Action item => Beginning with the line that contains "Aanvankelijk werd het", retype the entries below exactly, ending with the line that contains "- Площадь40,37 м2". Leave out any pictures.

Exercise data =>
--*--

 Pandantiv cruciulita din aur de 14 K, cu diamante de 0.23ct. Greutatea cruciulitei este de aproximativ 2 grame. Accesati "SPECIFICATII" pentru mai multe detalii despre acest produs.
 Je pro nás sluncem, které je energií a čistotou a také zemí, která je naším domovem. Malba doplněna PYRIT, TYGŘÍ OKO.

--*--

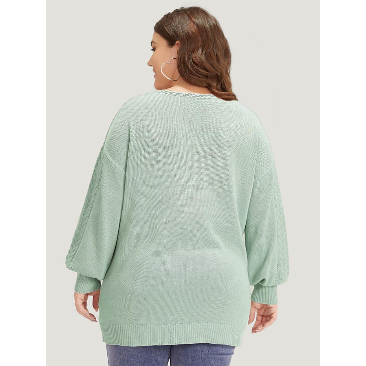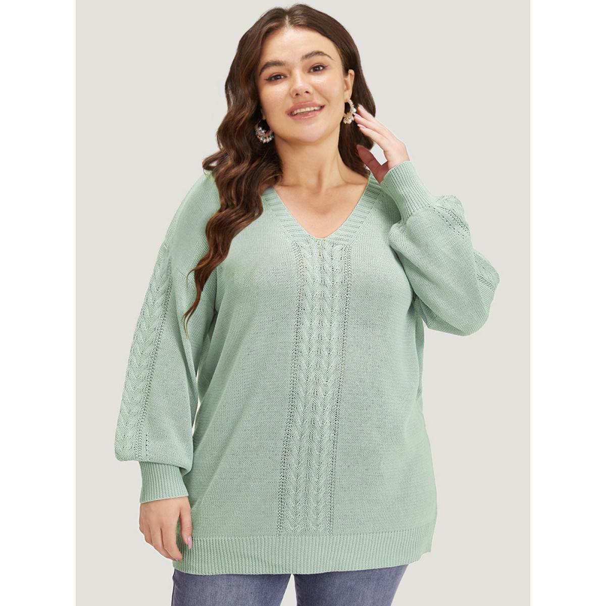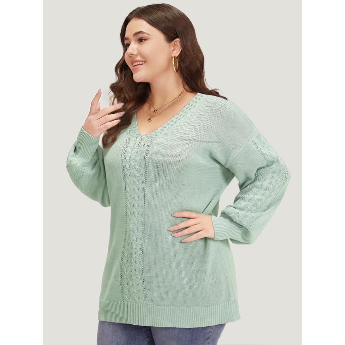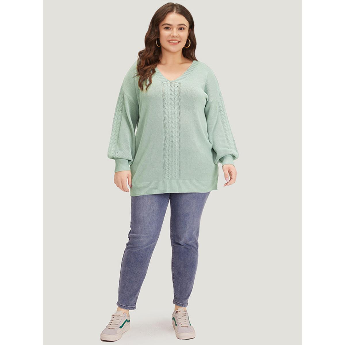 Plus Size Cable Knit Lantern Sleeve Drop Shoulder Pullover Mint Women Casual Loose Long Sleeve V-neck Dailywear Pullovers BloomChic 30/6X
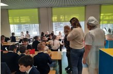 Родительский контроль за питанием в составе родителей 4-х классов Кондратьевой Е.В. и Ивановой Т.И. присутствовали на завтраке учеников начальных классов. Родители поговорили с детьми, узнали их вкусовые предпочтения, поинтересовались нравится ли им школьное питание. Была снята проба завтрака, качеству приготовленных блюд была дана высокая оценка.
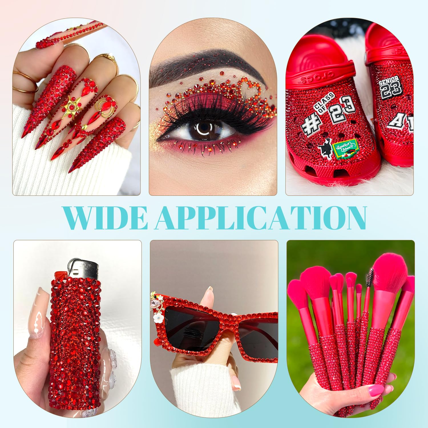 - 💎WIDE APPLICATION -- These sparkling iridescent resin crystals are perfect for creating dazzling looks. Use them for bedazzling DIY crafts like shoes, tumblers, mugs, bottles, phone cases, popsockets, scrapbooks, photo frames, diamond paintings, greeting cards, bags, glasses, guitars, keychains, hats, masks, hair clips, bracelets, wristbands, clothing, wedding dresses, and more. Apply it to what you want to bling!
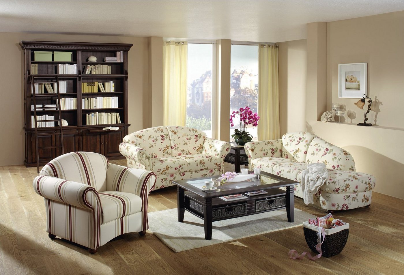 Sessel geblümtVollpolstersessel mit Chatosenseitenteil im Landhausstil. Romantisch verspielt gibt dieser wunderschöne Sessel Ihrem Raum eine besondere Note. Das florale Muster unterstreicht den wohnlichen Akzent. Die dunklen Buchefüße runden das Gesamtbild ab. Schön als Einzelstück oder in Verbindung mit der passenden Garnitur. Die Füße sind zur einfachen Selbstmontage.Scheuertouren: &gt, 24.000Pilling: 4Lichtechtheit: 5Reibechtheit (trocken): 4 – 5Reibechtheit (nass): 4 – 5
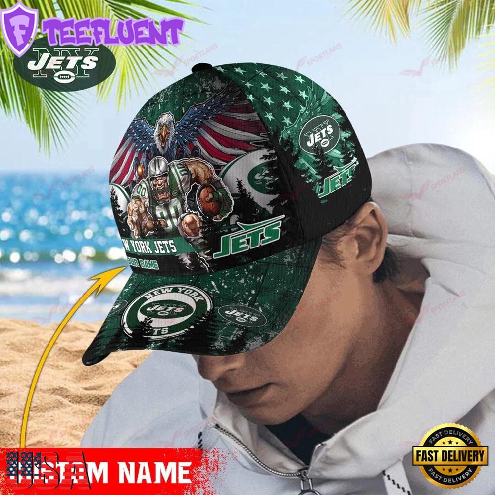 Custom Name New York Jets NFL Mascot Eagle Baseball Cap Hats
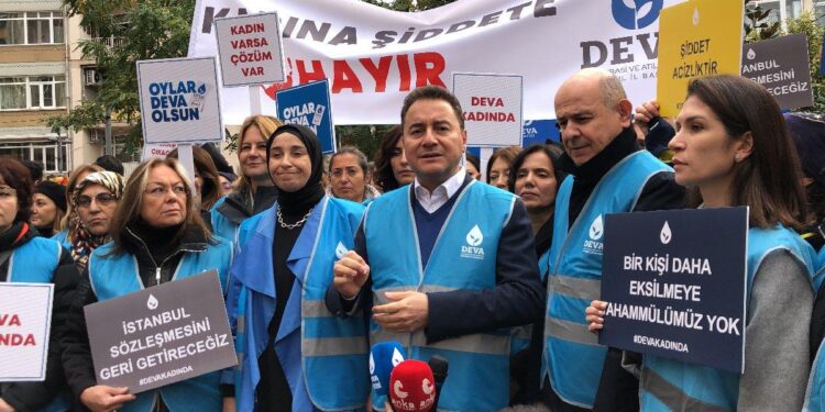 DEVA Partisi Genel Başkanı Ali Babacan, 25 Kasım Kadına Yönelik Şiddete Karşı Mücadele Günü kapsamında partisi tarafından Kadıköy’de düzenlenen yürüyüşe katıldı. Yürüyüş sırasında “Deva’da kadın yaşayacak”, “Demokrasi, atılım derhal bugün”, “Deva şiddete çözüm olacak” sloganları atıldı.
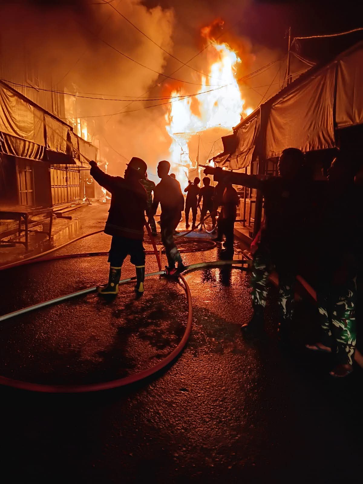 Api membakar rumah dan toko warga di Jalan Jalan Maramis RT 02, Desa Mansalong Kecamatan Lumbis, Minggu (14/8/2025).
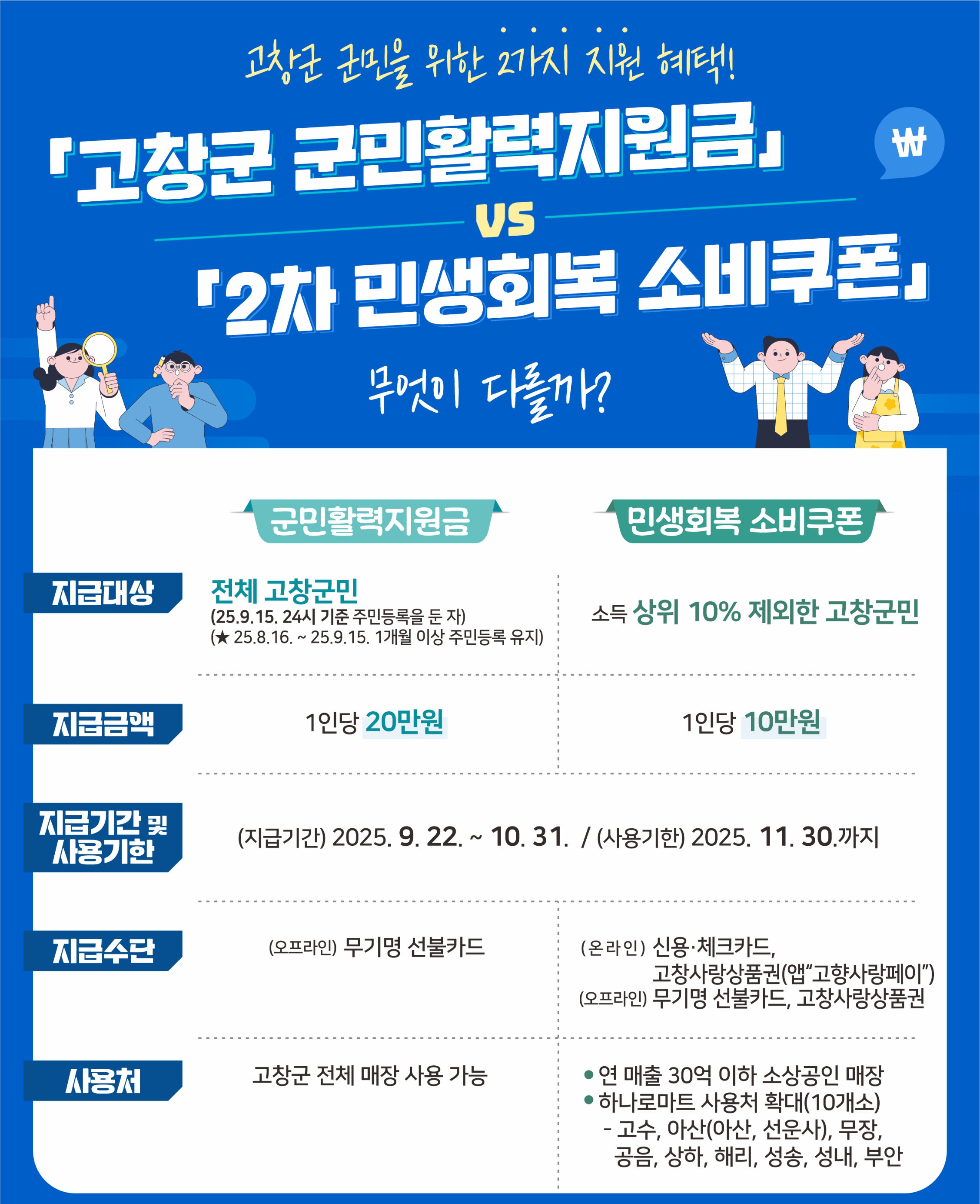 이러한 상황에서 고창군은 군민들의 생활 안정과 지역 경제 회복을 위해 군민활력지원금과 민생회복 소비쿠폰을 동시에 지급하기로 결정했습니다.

--*--

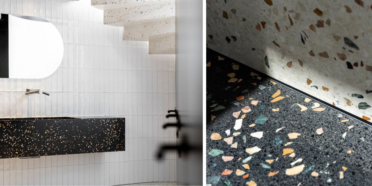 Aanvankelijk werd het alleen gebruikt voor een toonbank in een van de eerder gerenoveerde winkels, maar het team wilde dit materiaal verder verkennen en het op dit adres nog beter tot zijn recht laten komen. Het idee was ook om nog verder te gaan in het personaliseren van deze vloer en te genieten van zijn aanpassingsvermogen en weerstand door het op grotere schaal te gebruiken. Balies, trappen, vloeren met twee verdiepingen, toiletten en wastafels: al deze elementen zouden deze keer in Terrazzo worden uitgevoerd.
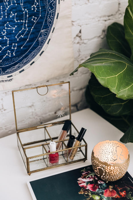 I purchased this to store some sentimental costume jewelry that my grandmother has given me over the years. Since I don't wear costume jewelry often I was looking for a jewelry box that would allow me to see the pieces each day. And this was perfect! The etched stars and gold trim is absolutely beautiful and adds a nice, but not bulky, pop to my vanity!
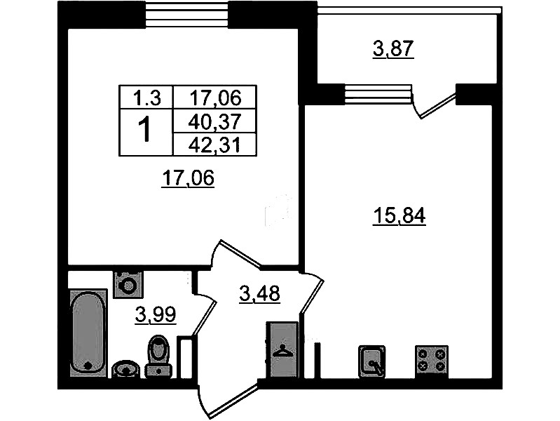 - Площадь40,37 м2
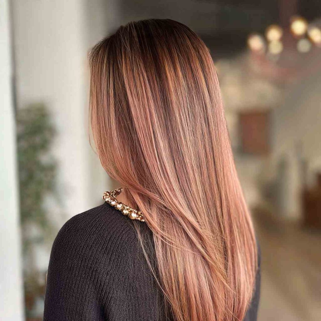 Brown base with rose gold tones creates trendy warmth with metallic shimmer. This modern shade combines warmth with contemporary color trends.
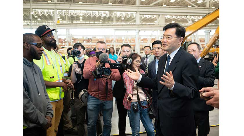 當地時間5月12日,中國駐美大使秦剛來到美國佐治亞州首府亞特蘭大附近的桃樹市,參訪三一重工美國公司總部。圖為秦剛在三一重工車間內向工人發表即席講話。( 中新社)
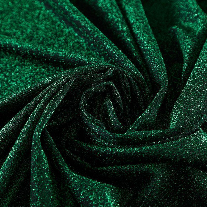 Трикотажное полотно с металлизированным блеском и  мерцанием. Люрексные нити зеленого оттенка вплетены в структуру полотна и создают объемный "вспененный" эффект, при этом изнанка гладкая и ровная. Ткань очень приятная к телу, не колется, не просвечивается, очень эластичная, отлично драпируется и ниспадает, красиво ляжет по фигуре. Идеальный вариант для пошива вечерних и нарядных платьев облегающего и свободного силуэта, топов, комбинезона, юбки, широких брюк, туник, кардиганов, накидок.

--*--

Response =>
 Aanvankelijk werd het alleen gebruikt voor een toonbank in een van de eerder gerenoveerde winkels, maar het team wilde dit materiaal verder verkennen en het op dit adres nog beter tot zijn recht laten komen. Het idee was ook om nog verder te gaan in het personaliseren van deze vloer en te genieten van zijn aanpassingsvermogen en weerstand door het op grotere schaal te gebruiken. Balies, trappen, vloeren met twee verdiepingen, toiletten en wastafels: al deze elementen zouden deze keer in Terrazzo worden uitgevoerd.
 I purchased this to store some sentimental costume jewelry that my grandmother has given me over the years. Since I don't wear costume jewelry often I was looking for a jewelry box that would allow me to see the pieces each day. And this was perfect! The etched stars and gold trim is absolutely beautiful and adds a nice, but not bulky, pop to my vanity!
 - Площадь40,37 м2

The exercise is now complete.